▶ WHAT THE EXERCISE ASKS
Your copy should start at the line with "3 Pieces Patio" and end at the line with "A beautiful mixed" in the data below. Transcribe only those lines, exactly, pictures excluded.

▶ DATASET RECORDS
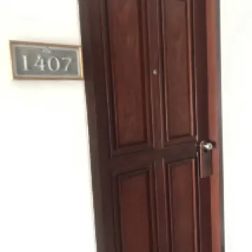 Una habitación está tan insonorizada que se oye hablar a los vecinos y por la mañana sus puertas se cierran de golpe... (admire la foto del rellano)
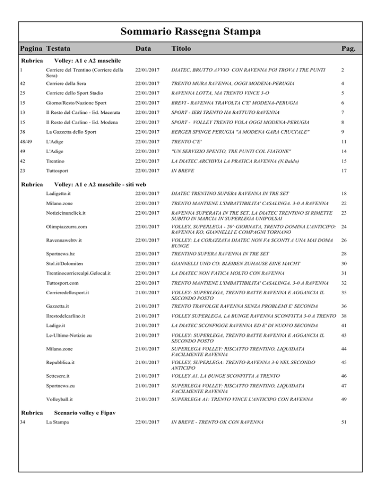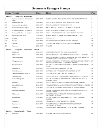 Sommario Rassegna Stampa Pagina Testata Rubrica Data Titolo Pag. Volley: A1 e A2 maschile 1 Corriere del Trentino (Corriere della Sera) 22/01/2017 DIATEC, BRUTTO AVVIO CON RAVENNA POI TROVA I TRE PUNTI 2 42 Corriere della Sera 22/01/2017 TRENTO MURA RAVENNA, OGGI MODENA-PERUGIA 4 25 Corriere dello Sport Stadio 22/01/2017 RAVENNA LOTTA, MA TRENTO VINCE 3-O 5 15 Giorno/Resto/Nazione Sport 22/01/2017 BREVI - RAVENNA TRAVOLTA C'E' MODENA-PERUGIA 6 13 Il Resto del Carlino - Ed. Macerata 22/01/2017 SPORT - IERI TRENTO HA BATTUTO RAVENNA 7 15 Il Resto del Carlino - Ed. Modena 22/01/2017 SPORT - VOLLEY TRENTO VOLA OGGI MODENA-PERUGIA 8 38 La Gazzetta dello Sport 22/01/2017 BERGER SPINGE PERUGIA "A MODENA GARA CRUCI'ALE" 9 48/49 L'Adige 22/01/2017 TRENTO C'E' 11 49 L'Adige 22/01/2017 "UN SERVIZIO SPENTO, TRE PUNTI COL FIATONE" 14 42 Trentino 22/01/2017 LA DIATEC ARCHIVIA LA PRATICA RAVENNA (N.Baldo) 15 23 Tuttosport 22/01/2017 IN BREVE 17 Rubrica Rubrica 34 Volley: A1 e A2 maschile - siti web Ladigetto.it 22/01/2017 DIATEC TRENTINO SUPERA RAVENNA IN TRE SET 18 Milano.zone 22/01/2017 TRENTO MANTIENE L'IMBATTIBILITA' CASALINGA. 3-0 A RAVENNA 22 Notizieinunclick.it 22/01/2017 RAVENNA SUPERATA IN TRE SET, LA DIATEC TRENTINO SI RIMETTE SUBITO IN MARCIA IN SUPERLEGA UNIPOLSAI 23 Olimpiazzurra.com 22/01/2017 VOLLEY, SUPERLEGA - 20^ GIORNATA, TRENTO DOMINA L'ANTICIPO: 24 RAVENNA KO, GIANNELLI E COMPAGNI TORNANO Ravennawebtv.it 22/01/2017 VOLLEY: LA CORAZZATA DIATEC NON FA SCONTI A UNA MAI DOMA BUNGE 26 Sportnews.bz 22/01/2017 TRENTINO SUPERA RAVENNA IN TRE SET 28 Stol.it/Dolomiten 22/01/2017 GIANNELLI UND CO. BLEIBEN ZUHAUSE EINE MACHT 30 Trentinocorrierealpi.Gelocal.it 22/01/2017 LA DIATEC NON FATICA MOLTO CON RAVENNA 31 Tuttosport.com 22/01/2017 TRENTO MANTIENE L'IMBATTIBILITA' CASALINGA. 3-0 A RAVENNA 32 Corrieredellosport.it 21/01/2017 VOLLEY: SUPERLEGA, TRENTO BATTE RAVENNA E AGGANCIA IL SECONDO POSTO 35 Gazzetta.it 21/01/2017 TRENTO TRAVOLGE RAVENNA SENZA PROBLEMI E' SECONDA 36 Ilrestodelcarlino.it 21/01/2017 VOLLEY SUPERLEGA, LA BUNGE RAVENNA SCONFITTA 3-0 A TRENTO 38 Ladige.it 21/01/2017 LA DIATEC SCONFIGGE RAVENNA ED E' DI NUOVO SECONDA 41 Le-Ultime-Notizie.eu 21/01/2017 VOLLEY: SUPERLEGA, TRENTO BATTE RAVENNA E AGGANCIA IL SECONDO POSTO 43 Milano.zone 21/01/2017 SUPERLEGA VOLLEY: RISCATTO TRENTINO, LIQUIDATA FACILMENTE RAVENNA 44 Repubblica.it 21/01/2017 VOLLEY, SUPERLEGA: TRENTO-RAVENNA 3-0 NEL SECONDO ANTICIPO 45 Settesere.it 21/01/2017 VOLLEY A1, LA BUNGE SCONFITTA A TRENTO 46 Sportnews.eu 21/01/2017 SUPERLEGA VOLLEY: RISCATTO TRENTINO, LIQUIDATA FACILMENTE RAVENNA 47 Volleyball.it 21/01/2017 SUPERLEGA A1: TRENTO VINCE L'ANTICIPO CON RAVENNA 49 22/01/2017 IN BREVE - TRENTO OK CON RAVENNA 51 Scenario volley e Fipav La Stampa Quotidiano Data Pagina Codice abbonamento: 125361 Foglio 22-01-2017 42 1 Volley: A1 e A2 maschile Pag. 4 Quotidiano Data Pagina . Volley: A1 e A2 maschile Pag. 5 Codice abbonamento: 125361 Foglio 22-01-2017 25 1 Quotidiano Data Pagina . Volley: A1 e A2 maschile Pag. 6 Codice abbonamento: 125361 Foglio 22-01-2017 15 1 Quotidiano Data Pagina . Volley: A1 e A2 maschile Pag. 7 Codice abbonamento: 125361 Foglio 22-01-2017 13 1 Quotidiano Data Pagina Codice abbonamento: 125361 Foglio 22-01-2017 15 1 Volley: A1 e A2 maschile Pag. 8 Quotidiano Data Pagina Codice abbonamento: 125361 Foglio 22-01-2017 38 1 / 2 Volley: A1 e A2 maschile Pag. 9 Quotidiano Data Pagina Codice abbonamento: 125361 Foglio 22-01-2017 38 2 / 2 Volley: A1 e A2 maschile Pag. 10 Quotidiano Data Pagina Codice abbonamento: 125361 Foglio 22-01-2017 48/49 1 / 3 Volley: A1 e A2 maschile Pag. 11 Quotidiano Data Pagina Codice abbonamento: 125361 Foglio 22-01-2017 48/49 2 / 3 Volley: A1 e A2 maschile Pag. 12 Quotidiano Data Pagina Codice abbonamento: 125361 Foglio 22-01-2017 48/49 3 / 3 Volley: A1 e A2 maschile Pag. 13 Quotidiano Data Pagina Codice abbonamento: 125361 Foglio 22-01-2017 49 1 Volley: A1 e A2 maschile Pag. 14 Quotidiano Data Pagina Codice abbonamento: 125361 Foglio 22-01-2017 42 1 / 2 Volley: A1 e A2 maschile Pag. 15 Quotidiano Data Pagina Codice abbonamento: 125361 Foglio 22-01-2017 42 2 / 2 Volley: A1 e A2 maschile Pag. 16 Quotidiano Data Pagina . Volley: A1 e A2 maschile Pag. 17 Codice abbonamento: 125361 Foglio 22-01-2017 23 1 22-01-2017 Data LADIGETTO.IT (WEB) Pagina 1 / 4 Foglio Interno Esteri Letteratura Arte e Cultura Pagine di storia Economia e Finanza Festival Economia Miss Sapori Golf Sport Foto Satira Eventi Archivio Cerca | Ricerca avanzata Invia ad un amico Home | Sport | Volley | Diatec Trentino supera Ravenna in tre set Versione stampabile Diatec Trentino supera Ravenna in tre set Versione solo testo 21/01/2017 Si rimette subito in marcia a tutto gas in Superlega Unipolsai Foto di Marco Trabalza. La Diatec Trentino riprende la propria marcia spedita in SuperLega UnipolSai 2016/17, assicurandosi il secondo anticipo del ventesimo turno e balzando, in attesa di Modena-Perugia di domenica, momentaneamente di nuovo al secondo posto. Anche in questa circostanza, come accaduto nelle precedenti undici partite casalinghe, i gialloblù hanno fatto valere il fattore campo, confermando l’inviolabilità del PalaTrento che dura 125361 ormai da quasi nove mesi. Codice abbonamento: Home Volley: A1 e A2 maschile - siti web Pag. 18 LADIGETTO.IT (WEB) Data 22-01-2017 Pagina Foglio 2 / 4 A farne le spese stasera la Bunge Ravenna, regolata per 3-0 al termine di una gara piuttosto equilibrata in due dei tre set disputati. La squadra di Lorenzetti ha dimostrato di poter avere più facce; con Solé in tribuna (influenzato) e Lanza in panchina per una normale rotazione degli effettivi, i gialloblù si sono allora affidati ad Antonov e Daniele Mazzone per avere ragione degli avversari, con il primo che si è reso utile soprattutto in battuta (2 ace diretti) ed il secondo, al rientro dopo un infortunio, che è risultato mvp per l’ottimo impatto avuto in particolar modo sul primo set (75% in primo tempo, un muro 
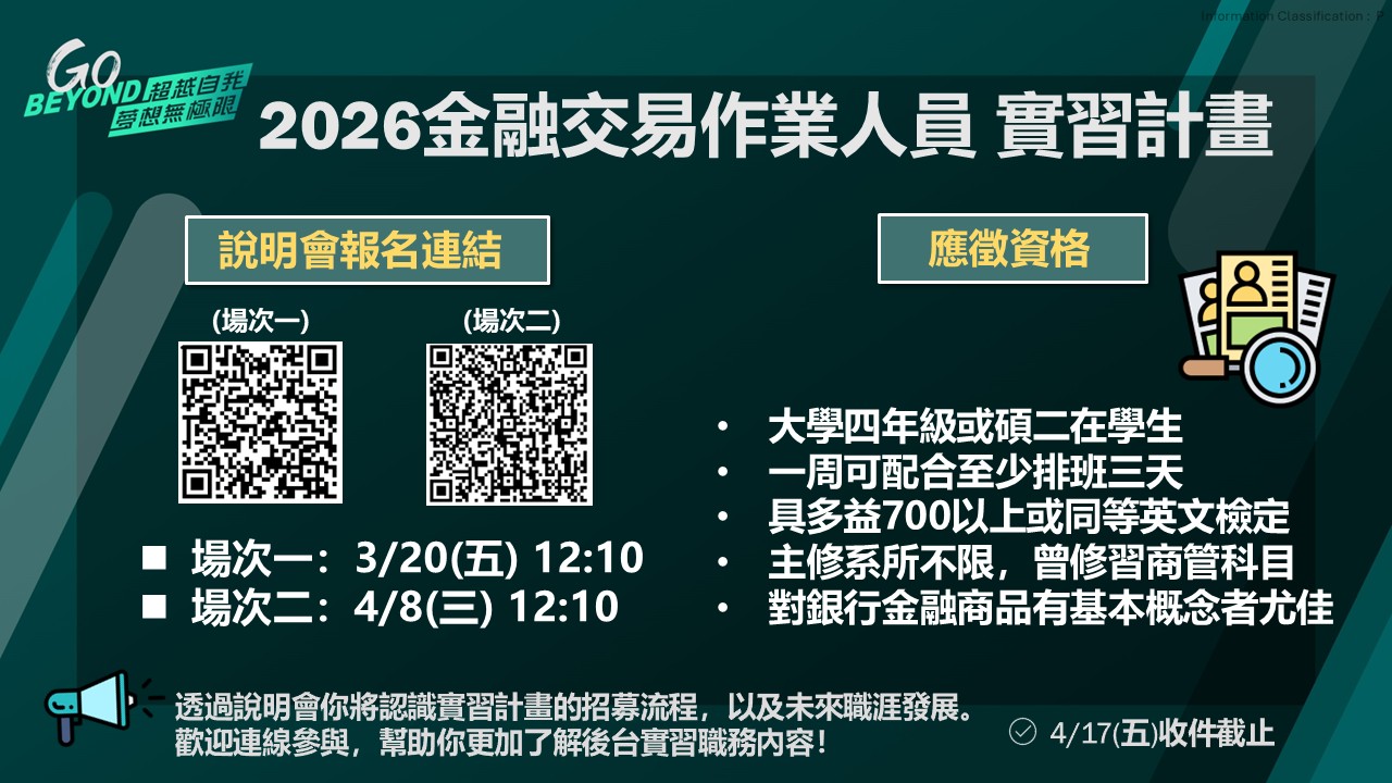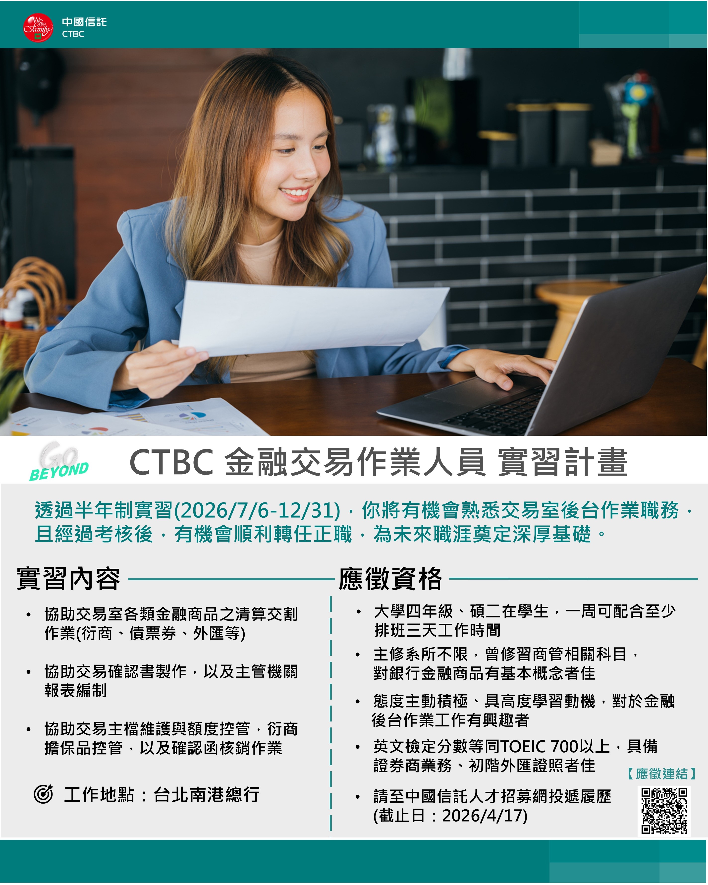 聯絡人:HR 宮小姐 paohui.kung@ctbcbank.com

---

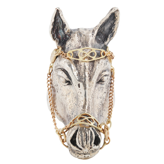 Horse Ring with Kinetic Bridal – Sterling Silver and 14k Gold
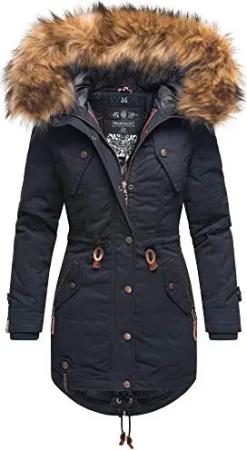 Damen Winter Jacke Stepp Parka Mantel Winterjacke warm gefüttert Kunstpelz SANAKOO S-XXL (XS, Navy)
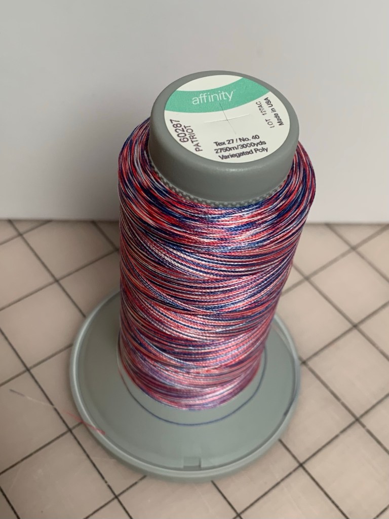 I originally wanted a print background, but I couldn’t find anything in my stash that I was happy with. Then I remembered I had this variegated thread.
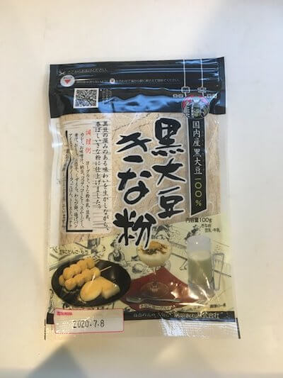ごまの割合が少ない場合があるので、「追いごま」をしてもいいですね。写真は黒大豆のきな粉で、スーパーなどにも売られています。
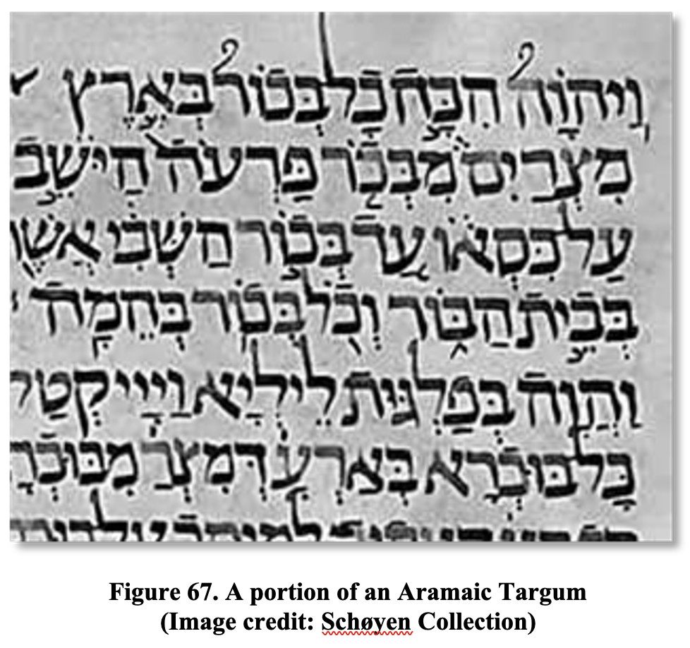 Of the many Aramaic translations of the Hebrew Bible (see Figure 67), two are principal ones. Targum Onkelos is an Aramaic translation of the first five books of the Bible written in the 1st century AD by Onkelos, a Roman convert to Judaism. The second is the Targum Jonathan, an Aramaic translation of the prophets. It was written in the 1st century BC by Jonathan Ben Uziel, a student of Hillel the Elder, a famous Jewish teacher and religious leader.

--

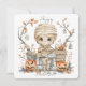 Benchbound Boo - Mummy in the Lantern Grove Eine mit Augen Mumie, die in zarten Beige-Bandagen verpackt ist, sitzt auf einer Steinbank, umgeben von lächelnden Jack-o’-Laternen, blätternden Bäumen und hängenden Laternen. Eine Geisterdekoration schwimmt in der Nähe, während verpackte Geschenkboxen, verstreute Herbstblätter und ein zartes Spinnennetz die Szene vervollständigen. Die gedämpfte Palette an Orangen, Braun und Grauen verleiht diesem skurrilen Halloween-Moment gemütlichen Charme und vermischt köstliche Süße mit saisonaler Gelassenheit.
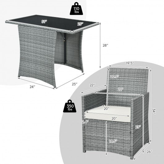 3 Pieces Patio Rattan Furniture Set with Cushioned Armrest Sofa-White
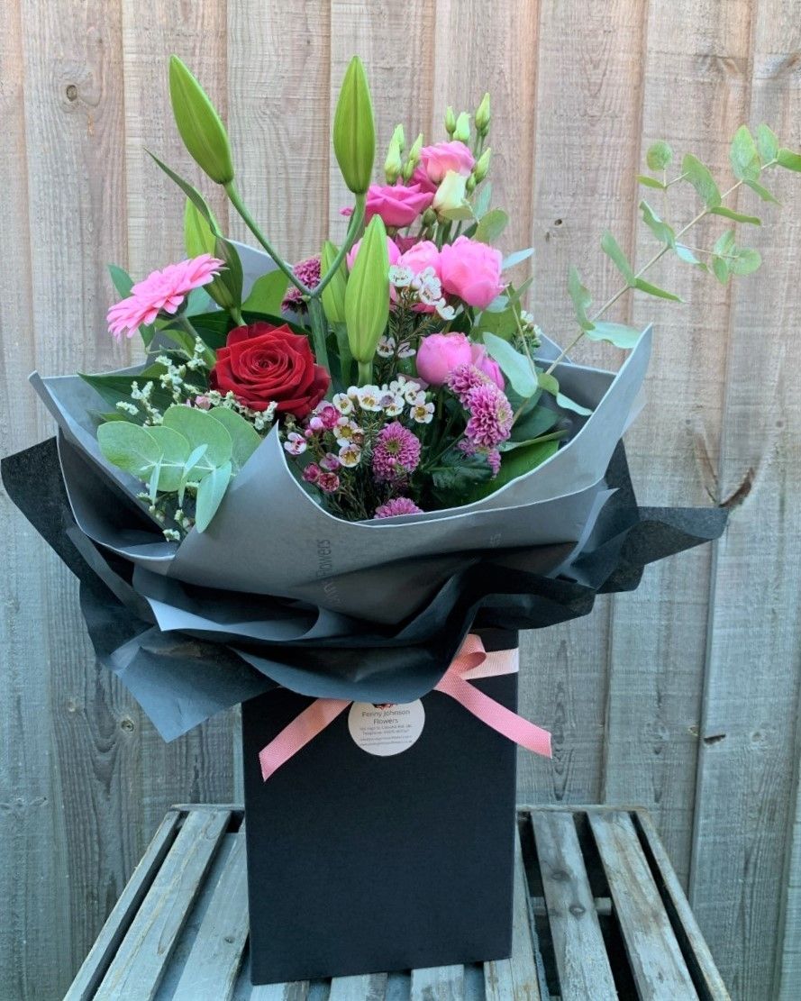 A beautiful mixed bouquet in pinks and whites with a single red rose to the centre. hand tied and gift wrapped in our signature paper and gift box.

▶ TASK SOLUTION
 3 Pieces Patio Rattan Furniture Set with Cushioned Armrest Sofa-White
 A beautiful mixed bouquet in pinks and whites with a single red rose to the centre. hand tied and gift wrapped in our signature paper and gift box.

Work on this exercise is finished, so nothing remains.